Peran dan fungsi Inspektorat Provinsi, Kabupaten/Kota secara umum diaturdalam pasal 4 Peraturan Menteri Dalam Negeri No 64 Tahun 2007. Dalam pasal tersebut dinyatakan bahwa dalam melaksanakan tugas pengawasan urusan pemerintahan, Inspektorat Provinsi, Kabupaten/Kota mempunyai fungsi sebagai berikut: pertama, perencanaan program pengawasan; kedua, perumusan kebijakan dan fasilitas pengawasan; dan ketiga, pemeriksaan, pengusutan, pengujian, dan penilaian tugas pengawasan.
Berkaitan dengan peran dan fungsi tersebut, Inspektorat Kabupaten Dharmasraya sebagaimana yang diatur dalam Peraturan Daerah, mempunyai tugas pokok membantu Kepala Daerah dalam menyelenggarakan Pemerintah Daerah di bidang pengawasan. Tugas pokok tersebut adalah untuk: pertama, merumuskan kebijaksanaan teknis di bidang pengawasan; kedua, menyusun rencana dan program di bidang pengawasan; ketiga, melaksanakan pengendalian teknis operasional pengawasan; dan keempat, melaksanakan koordinasi pengawasan dan tindak lanjut hasil pengawasan.
Sementara itu, untuk melaksanakan tugas tersebut, Inspektorat Kabupaten mempunyai kewenangan sebagai berikut: pertama, pelaksanaan pemeriksaan terhadap tugas Pemerintah Daerah yang meliputi bidang pemerintahan dan pembangunan, ekonomi, keuangan dan aset, serta bidang khusus; kedua, pengujian dan penilaian atas kebenaran laporan berkala atau sewaktu-waktu dari setiap unit/satuan kerja; ketiga, pembinaan tenaga fungsional pengawasan di lingkungan Inspektorat ; dan keempat, penyelenggaraan evaluasi dan pelaporan pelaksanaan tugas Inspektorat.
Struktur organisasi Inspektorat Kabupaten  terdiri dari Inspektur, Sekretariat, Inspektur Pembantu Wilayah (Irban), dan kelompok jabatan fungsional. Namun demikian, saat ini struktur kelompok jabatan fungsional belum sepenuhnya terisi karena masih minimnya jumlah pegawai pada Inspektorat . Dengan demikian, pelaksanaan tugas dan wewenang pemeriksaan dilakukan oleh seluruh pegawai pada Inspektorat Kabupaten.

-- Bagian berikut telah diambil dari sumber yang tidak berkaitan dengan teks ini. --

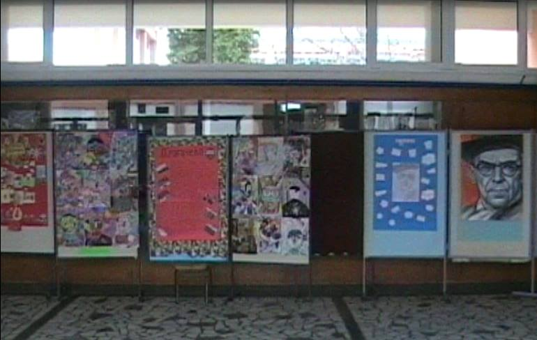 dgdggddg

KESULITAN-KESULITAN DALAM MELAKUKAN PENGAWASAN DAN PENGENDALIAN
Dalam melakukan pengawasan dan pengendalian Inspektorat Kabupaten mengalami keselitan-kesulitan dan kendala-kendala yang dihadapi yaitu :

  1. Sumber Daya Manusia.
Dengan keterbatasan jumlah pegawai terutama pejabat fungsional sehingga yang melakukan pengawasan dan pengendalian yang dilakukan inspektorat kabupaten di lakukan oleh seluruh staf. Dalam melakukakan pengawasan dan pengendalian  tidak lagi melihat dari tingkat kompentensi yang dimiliki para auditor, sehingga pengawasan dan pengendalian yang dilakukan tidak memperoleh hasil yang optimal. Ada dua hal yang menyebabkan kompetensi aparat inspektorat Kabupaten Dharmasraya kurang optimal. Pendidikan dan pelatihan fungsional di bidang pengawasan yang masih kurang. Ini menjadi salah satu faktor mengapa hanya  7 dari 35 aparat Inspektorat Kabupaten Dharmasraya yang telah menempuh persyaratan untuk menjadi pejabat fungsional auditor. Selain itu, adanya mutasi antar satuan kerja menyebabkan aparat yang berpengalaman tergantikan oleh yang tak berpengalaman.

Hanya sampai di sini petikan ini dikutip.